3. Likewise, the legislative history of Section 320 demonstrates that Congress viewed a decision to resell a defaulted contract, as well as a returned contract, as subject to one level of administrative appeal. See H. Rep. No. 1002, 99th Cong., 2d Sess. 77 (quoted and discussed in Oregon Natural Resources Council, slip op. at 9-10 n.2).

4. Buse Timber argues that plaintiff's delay in bringing its action should result at least in a denial of the preliminary injunction. The Court disagrees. A court should be loathed to withhold injunctive relief solely on the ground of delay. Lydo Enterprises, Inc. v. City of Las Vegas, 745 F.2d 1211, 1213-14 (9th Cir. 1984). Given the USFS's failure to provide proper notice and the potential irreparable loss of old growth trees, plaintiff's alleged delay should not cause a denial of the preliminary injunction.

5. In its briefing on plaintiff's motion for a temporary restraining order, the USFS acknowledged that "pursuant to [NFMA], the Forest Service in Region 6 did agree to begin implementation as guidelines new standards for clear cutting." Response of Defendants MacWilliams and the United States Forest Service To Plaintiff's Motion for a Temporary Restraining Order, filed Dec. 16, 1987, at 2.

6. The 40 acre limit may be exceeded in cases of natural catastrophic conditions or after 60 days public notice and review by the Regional Forester. The limit can also be exceeded by up to 50 per cent without such 60 day notice and review, if to do so would result in a "more desirable combination of public benefits" and when one of four listed criteria is met. Regional Guide, Standard and Guideline 2-1, at 3-7.

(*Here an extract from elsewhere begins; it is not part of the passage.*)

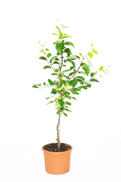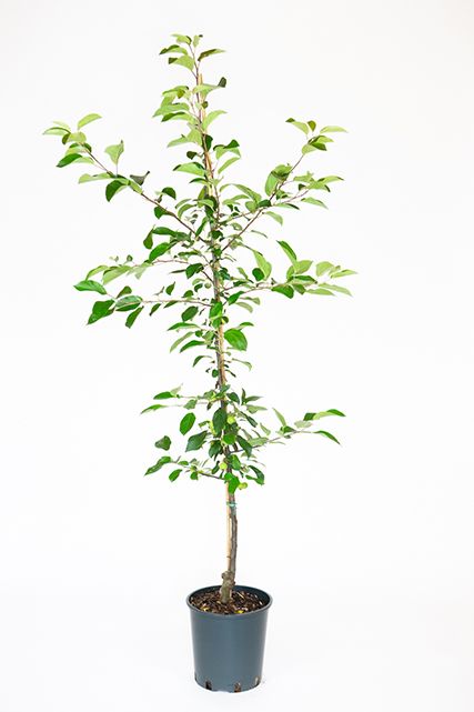 Ideal for patio tubs and smaller spaces as it produces a true mini tree. Height is no more than 2 metres with little support required. Heavy cropping fruit trees may need a permanent stake. Fruiting begins in the first year. Very little pruning needed.

7. Defendant Buse Timber has challenged Stahl's credibility as an expert witness by submitting eight (8) pages of a Transcript of Proceedings from National Wildlife Federation v. United States Forest Service, 592 F. Supp. 931 [14 ELR 20755], as amended, 643 F. Supp. 653 (D. Ore. 1984). Because the Court need not address the merits of plaintiff's evidence of the potential environmental harm, Stahl's credibility is not at issue. The Court does note, however, that the court in National Wildlife Federation relied on Stahl, who it found to be a qualified professional forester, and awarded 100 per cent of the plaintiffs' request for his fees. National Wildlife Federation v. United States Forest Service, No. 83-1153 LE, slip op. 7 (D. Or. July 21, 1987).

8. The USFS has cited 36 C.F.R. § 1501.8 for the proposition that the CEQ has rejected universal time limits. Section 1501.8 refers to time limits of the various steps in the NEPA process leading to an environmental impact statement (EIS). Staleness of an already completed EIS is a separate issue.